Webinar Explores the Role of Door Industry in Going Green

February 15th, 2011 by DWM Magazine

As the demand for green building materials and construction continues, so, too, does its impact on not just the design team, but the entire supply chain as well, including doors and door hardware. As a means to help distributors understand where this green movement is coming from and what their responsibilities are, the Door Hardware Institute hosted a webinar recently. The presentation was led by Tim Petersen, LEED AP, vice president of sales for the architectural door division of VT Industries Inc., and Steve Farley, CSI, CDT LEED GA, regional sales manager for Mohawk Flush Doors.

“The environmental direction in [the door industry] is constantly being discussed. The typical presentation is focused on what LEED point categories a particular product can assist a building in earning. In this presentation we took a more holistic view of the environmental situation by focusing on how we got here, where we are today and where the environmental movement is going,” Petersen told USGNN.com™. “The most unique aspect of this presentation is that it was given by Steve Farley and me. Steve and I work for different door manufacturers and are competitors. However because this topic is so important, we have put our product differences aside to give an unbiased unified presentation.”

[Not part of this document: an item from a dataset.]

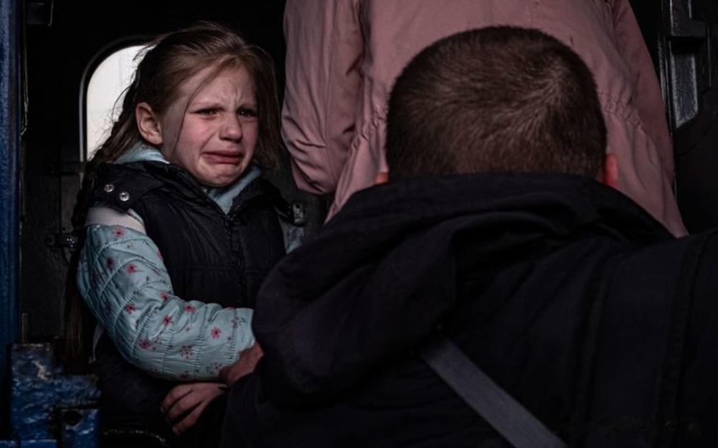 在乌克兰的哈尔科夫,一个女孩在与兄弟和母亲一起登上一辆特殊疏散火车时,哭着告别父亲。

Petersen began the discussion and pointed out that the environmental movement will continue to make major changes so those in the industry need to know how to position themselves to sell green products.

He also gave a brief history of what’s behind the green movement and what’s really driving it, including the formation of Earth Day in 1970; the formulation of the EPA in 1970; and later the formulation of the U.S. Green Building Council in 1997.

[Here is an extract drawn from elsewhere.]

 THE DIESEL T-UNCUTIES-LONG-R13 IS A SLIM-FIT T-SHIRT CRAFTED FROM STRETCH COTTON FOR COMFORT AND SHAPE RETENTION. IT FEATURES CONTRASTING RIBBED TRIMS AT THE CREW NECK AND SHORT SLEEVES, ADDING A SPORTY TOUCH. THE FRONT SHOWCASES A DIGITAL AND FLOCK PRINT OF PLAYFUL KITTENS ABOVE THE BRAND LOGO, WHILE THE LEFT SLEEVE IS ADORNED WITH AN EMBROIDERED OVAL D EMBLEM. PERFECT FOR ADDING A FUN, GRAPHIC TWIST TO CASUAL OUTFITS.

Petersen also stressed that buildings have had a huge impact, accounting for 40 percent energy use.

He also explained that the demand for green is coming from heightened government initiatives, growing for residential demand for green construction and improvements in sustainable materials.

Looking at the projected green building market value, Petersen showed that the commercial and institutional value in 2006 was $4 billion growing to $10- $20 billion in 2010.

“These are big numbers and real opportunities for anyone in the industry and you don’t want to pass up on an opportunity like that,” he said.

Farley spoke next and spoke about some of the different green programs, standards and codes.

“We’re seeing that many programs are voluntary. However, as they grow it becomes evident to most of us there’s a major part of the market we’re missing by not taking part in them,” said Farley. “Voluntary standards are being adopted into building codes and becoming requirements,” he said, explaining that we’re seeing adoption of various green building initiatives by the federal, state and local levels.

“It’s interesting to see how rapidly they are being updated; what was once voluntary is now mandatory,” he said.

Some mandatory requirements that have had an impact on the door industry include those of the California Air Resources Board (CARB), which introduced a phased reduction in the allowable limits for composite wood formaldehyde VOC limits, and the 1900 Lacey Act, which was amended in 2008. This, he said, severely restricts the importing and exporting of plant and plant bi-products without an import declaration.

Speaking of CARB, Farley explained that the organization approved new standards for the emission of formaldehyde from composite wood products in 2007, likely leading to the elimination of urea-formaldehyde. This affects hardwood plywood, particleboard and medium density fiberboard. Farley noted this will require inventory management for [door] distributors, fabricators and retailers as they must sell [certain pre-program] inventory by December, 31 of this year.

Farley also discussed the Lacey Act. This was passed by Congress in May 2008 and bans commerce in illegally sourced plants and their bi-products, including timber and wood products.

“It will help to control legal logging and other illegal plant trade,” Farley said.

In addition, it prohibits trade in plant and plant bi-products that are illegally sourced from any U.S. state or any foreign country; requires importers to declare the country of origin of harvest and species name of all plants contained in their products; and establishes penalties for violation of the Act, including forfeiture of goods and vessels, fines and jail time.

Looking ahead, he added, that green is a current and future reality.

“Keep an eye on it and stay aware,” said Farley. “Enforcement will become much more prevalent; take a look at how and where you can add value to a project.”